Step 8: Create Controller

Java
package com.gfg.transactiondemo.controller;

import com.gfg.transactiondemo.entity.*;
import com.gfg.transactiondemo.service.OrderService;
import org.springframework.beans.factory.annotation.Autowired;
import org.springframework.http.ResponseEntity;
import org.springframework.web.bind.annotation.*;

@RestController
@RequestMapping("/api")
public class OrderController {

    @Autowired
    private OrderService orderService;

    @PostMapping("/orders")
    public ResponseEntity<String> createOrder(@RequestBody OrderDto dto) {
        User user = new User(dto.getUsername());
        Order order = new Order(dto.getOrderId());
        orderService.createOrder(order, user);
        return ResponseEntity.ok("Order created successfully");
    }
}

Step 9: Main Application Class

No changes are required in the main class.
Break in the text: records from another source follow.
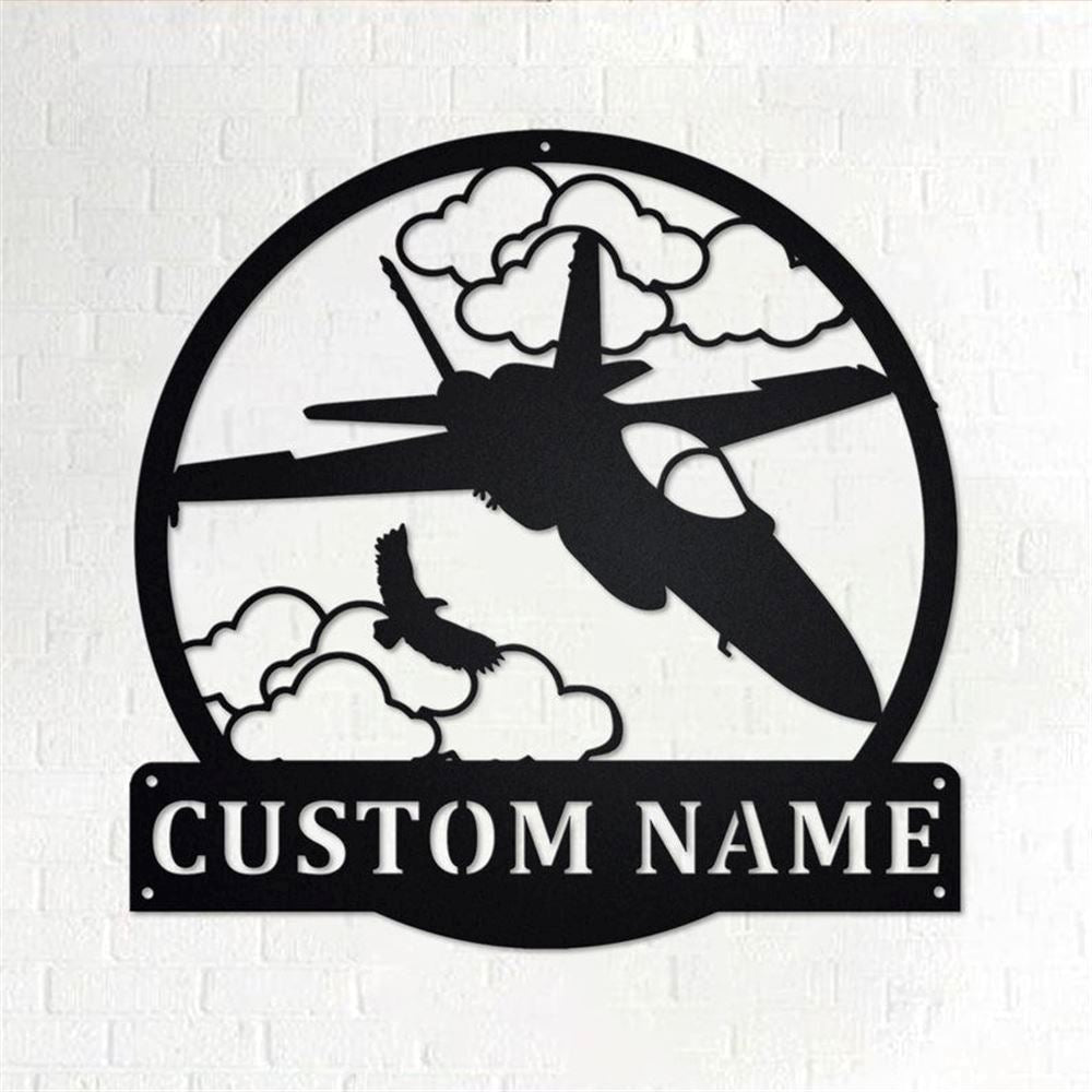 Personalized Metal Monogram Sign, Jet Fighter Metal Wall Art, Jet Fighter Name Sign, Jet Fighter Metal Home Decor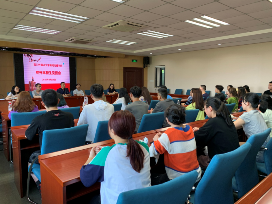 8月28日上午11点,太阳成集团tyc334552018专升本师生见面会在我校西区立德楼C517举行。见面会由2018级辅导员郭益维老师主持太阳成集团tyc33455院长刘国强、党总支书记倪颖军、副院长郭赫男、院长助理王飞广播电视学系主任戴明、教学秘书余曦等老师等参加了见面会。
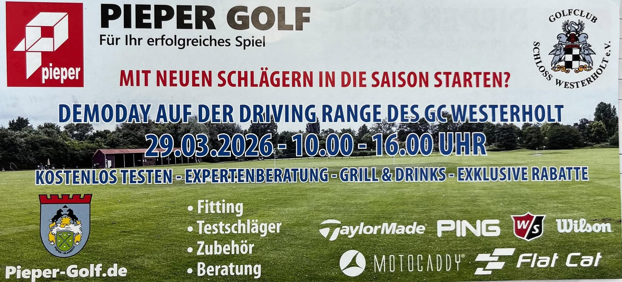 Kommen Sie am 29.03.2026 von 10:00 – 16:00 Uhr auf die Driving Range des Westerholter Golf Club und erleben Sie unsere Demo Days!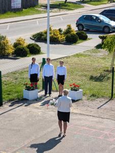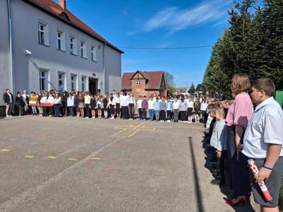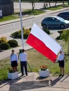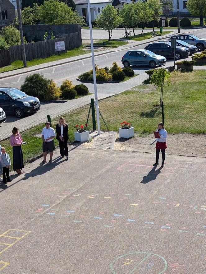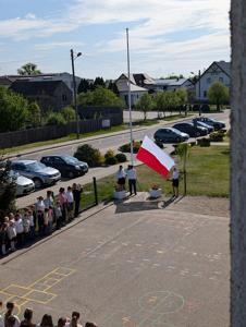 W czasie uroczystości i śpiewania Hymnu, „zadebiutował” maszt, który od niedawna stoi na boisku szkolnym. Uczniowie mogli z dumą obserwować jak Biało-Czerwona pnie się w górę, aby przez najbliższe dni przypominać o narodowych świętach.

This is the entry point of the application.

Java
package com.gfg.transactiondemo;

import org.springframework.boot.SpringApplication;
import org.springframework.boot.autoconfigure.SpringBootApplication;

@SpringBootApplication
public class TransactionDemoApplication {

    public static void main(String[] args) {
        SpringApplication.run(TransactionDemoApplication.class, args); // Launches the Spring Boot application
    }
}

Step 10: Run the Application

Run the application using:

mvn spring-boot:run

spring5-compressed
Console output

Step 11: Test the Endpoint

Use a tool like Postman to send a POST request

Endpoint:

POST: http://localhost:8080/createOrder

Request Body and Response:

Postman UI
Request and Response

This demonstrates how transaction propagation and isolation work together when creating a user and order within different transactional contexts.